Ask HN: Is there a free/fremium hash table in the cloud with simple HTTP access? - THRWAWA20160222
I&#x27;m looking for a hash table in the cloud.<p>It should just have basic operations: get, set, and delete.<p>It should support basic auth over http. If it has a &quot;freemium&quot; model that is okay too.<p>Does this exist?  
If not, would you be interested in it?
======
namtao
It does! I wanted exactly the same and couldn't find something simple enough,
so I made it (last month):

Stord.io is a key/value store. This is often modelled as a hashmap or a
dictionary in programming languages.

Under the hood, stord.io is powered by Redis, with a thin python application
wrapper, based on Flask. Stord.io doesn’t assume anything about your data,
make whatever nested schema you want!

[http://stord.io](http://stord.io)

Full disclosure: if this wasn't already clear, it's my project. I would LOVE
feedback/feature suggestions.

------
bifrost
I have seen a couple variants, but none of them have stuck around for long
since they ended up being CnC for botnets/malware/etc.

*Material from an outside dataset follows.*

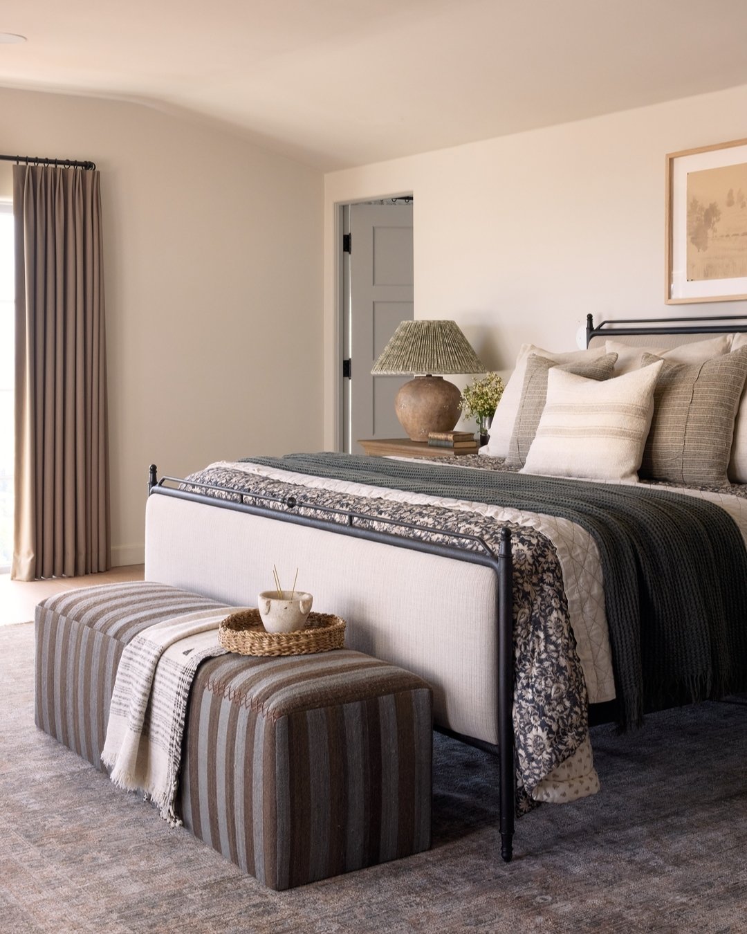 This bedroom feels polished in the most relaxed way. A structured bed frame, tailored bedding, and that striped ottoman at the foot create a look that’s clean but never sterile. The palette leans into taupe, cream, and charcoal, giving it depth without heaviness.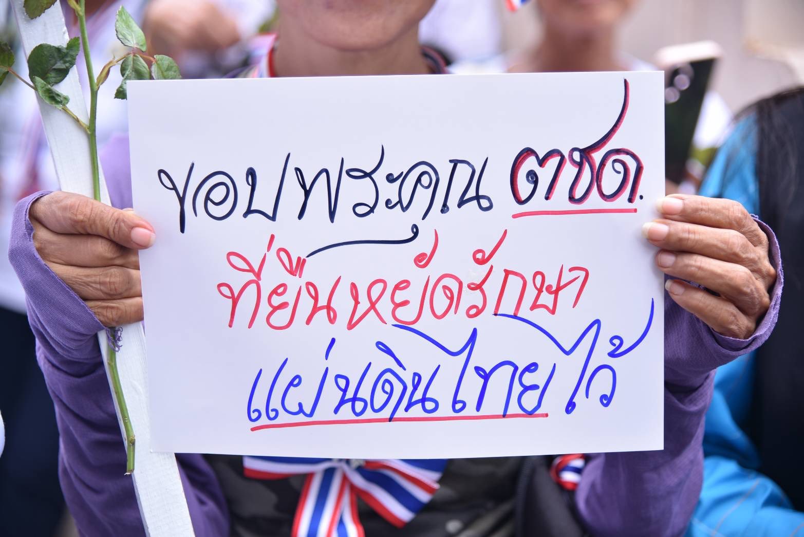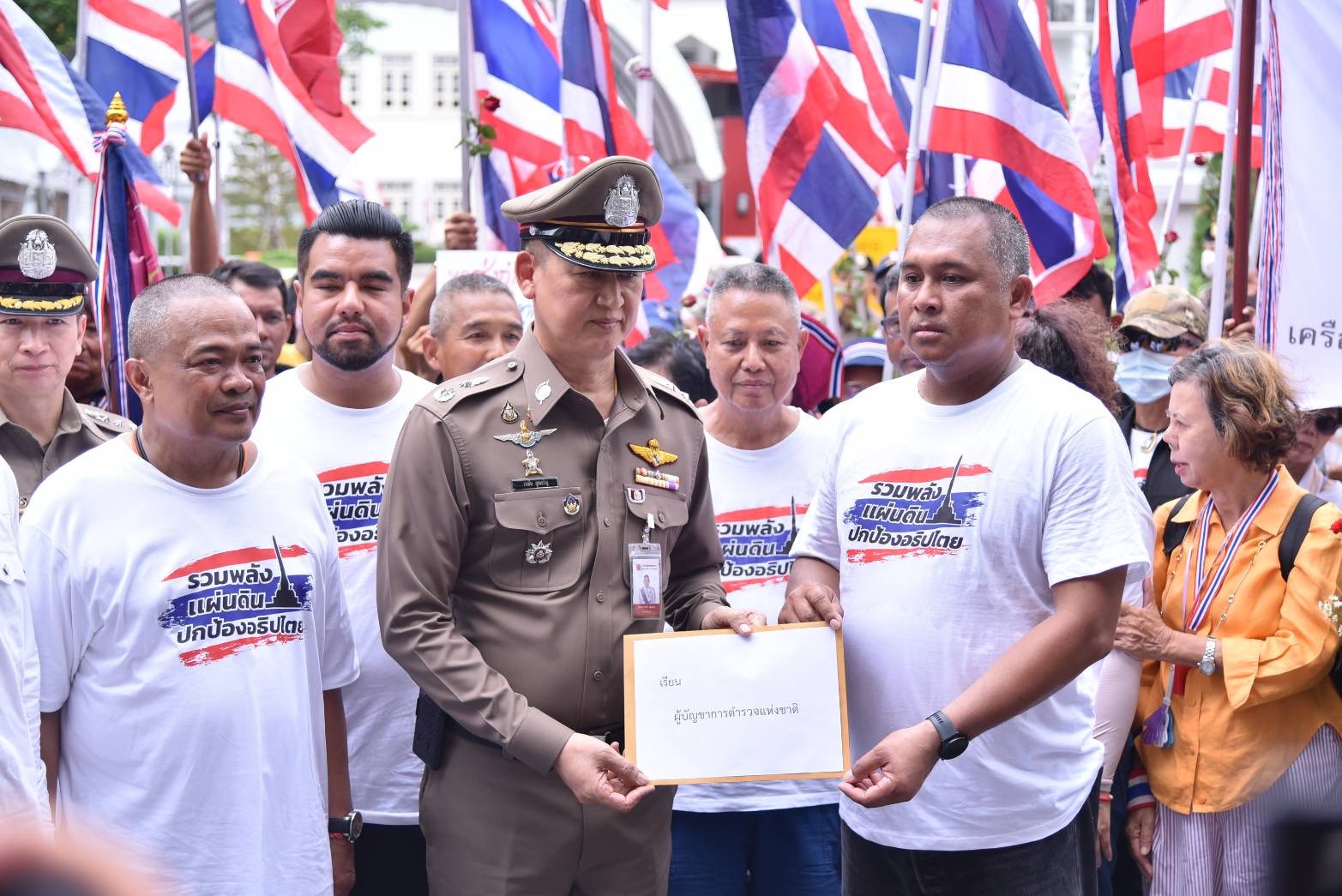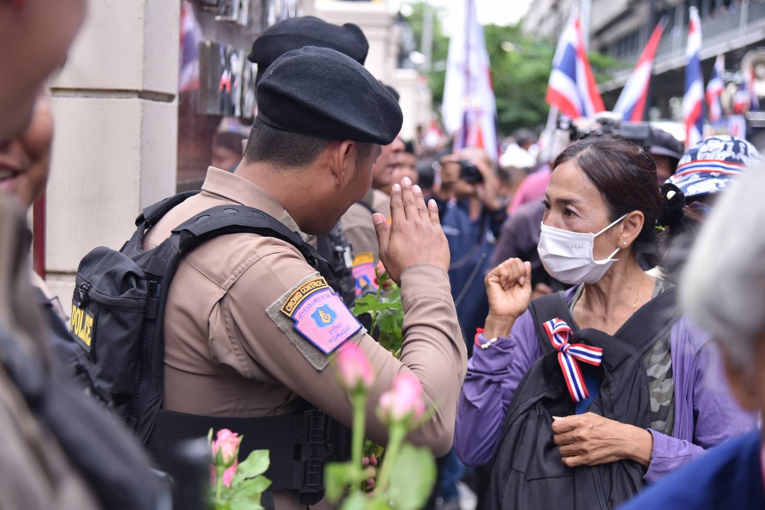 ประชาชน คปท. ศปปส. กลุ่มกองทัพธรรมให้กำลังใจตำรวจที่มีส่วนร่วมในการปกป้องอธิปไตยของไทย

I think it would be safe to assume there are also collision problems in
unauthenticated ones as well...

------
xyzzy123
I'm not aware of any services with the simple API you're looking for (neat
idea), but there are a lot of more complicated solutions.

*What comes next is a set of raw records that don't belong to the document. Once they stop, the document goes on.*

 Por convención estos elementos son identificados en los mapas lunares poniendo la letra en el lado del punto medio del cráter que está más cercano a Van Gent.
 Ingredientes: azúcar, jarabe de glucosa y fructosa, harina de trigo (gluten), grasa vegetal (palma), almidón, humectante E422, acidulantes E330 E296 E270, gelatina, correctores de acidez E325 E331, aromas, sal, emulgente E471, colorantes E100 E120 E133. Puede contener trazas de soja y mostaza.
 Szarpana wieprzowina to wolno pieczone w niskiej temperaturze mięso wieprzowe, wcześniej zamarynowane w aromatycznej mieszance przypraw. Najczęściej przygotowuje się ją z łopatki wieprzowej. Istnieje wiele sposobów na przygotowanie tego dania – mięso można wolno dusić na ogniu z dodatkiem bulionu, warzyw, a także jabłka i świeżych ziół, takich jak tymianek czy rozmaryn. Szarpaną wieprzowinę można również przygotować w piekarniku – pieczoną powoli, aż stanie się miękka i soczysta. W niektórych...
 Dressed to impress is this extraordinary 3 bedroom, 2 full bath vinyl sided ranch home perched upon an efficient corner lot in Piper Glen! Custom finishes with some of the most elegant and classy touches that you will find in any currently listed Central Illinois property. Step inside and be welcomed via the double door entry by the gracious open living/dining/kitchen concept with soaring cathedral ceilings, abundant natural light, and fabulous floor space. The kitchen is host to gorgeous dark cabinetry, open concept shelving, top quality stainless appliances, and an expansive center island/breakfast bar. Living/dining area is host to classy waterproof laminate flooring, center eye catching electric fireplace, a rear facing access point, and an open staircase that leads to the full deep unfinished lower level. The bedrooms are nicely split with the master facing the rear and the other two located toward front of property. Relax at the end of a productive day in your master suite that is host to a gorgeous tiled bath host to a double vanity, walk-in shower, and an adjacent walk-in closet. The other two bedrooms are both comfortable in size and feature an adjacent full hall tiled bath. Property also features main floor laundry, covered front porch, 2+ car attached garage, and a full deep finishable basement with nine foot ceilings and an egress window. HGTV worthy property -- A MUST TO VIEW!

What are the key/value durability requirements? (OK to drop values now and
then, or does it need to keep them until the end of time?). Need backups? Do
values expire, or do you have to expire them manually? Since you can't
enumerate or search, how do you delete things? Allowed sizes of keys and
values, between bytes and terabytes? How far should it scale? Shared
namespace, or namespace per user? Do you need a latency guarantee? How low?
Are you gonna use it for something important and need an SLA on the
availability of the service as a whole?

A couple of "nearby" points in the solution space:

Amazon S3 is a KV store where the keys look like filenames and the values look
like files. High durability, good scaling, pretty high latency. You could also
obviously paper a KV store on top of ElastiCache or DynamoDB, which are going
to have different properties.

Going low-level and implementing your own in say, golang would probably be the
most fun though :p

Hard to say if we could use a SAAS KV store at work without a lot more
technical detail on the solution. I'm having a hard time thinking of an app
where you'd want a KV store, but not need a database or NoSQL store which you
could use instead.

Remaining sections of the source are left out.